EXERCISE
Give back the listing in full and exactly, leaving out the images.

*** SUPPLIED INFORMATION ***

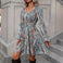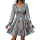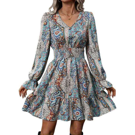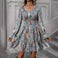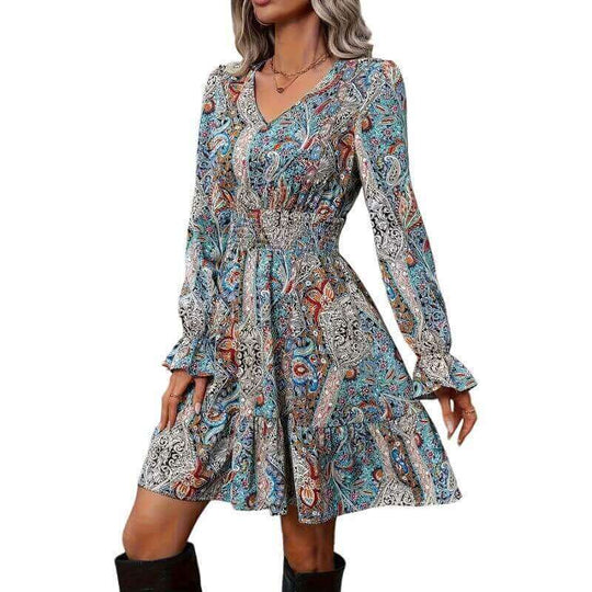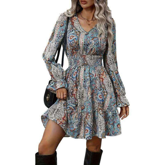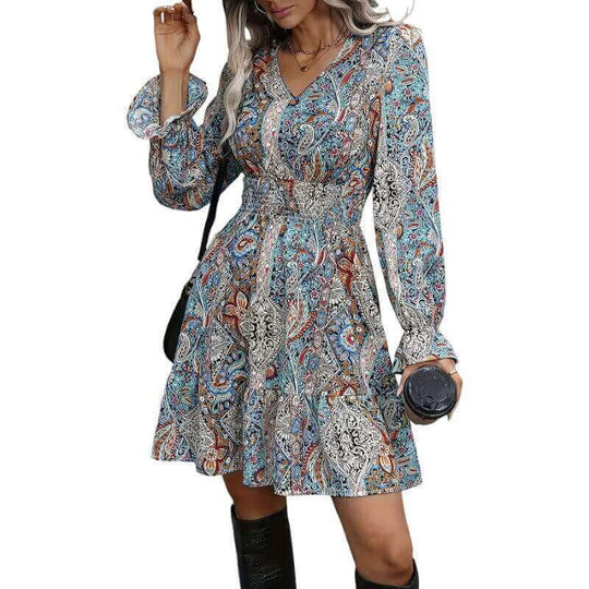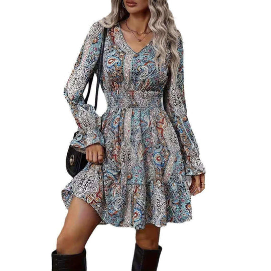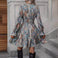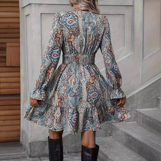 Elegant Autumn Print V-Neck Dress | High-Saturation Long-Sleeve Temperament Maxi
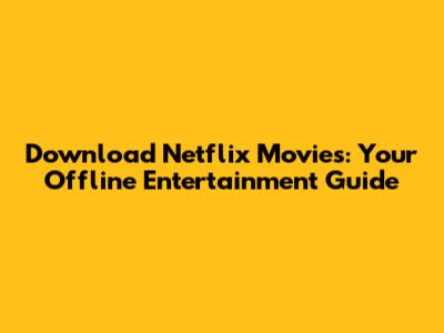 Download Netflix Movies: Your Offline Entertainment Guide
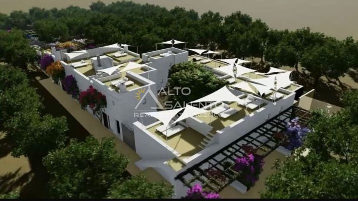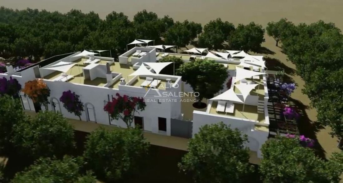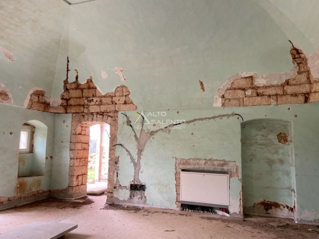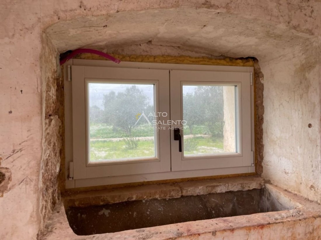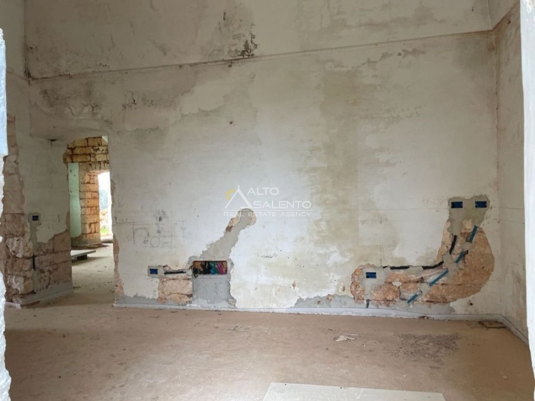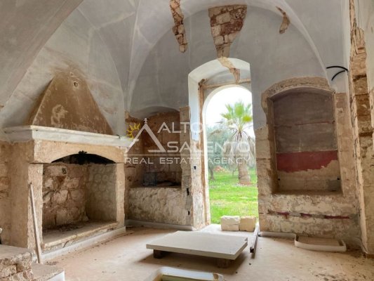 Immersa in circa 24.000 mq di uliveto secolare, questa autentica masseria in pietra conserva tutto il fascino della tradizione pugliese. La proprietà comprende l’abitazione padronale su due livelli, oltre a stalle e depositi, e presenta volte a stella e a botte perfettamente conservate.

*** End of SUPPLIED INFORMATION ***

WRITTEN ANSWER
 Elegant Autumn Print V-Neck Dress | High-Saturation Long-Sleeve Temperament Maxi
 Download Netflix Movies: Your Offline Entertainment Guide
 Immersa in circa 24.000 mq di uliveto secolare, questa autentica masseria in pietra conserva tutto il fascino della tradizione pugliese. La proprietà comprende l’abitazione padronale su due livelli, oltre a stalle e depositi, e presenta volte a stella e a botte perfettamente conservate.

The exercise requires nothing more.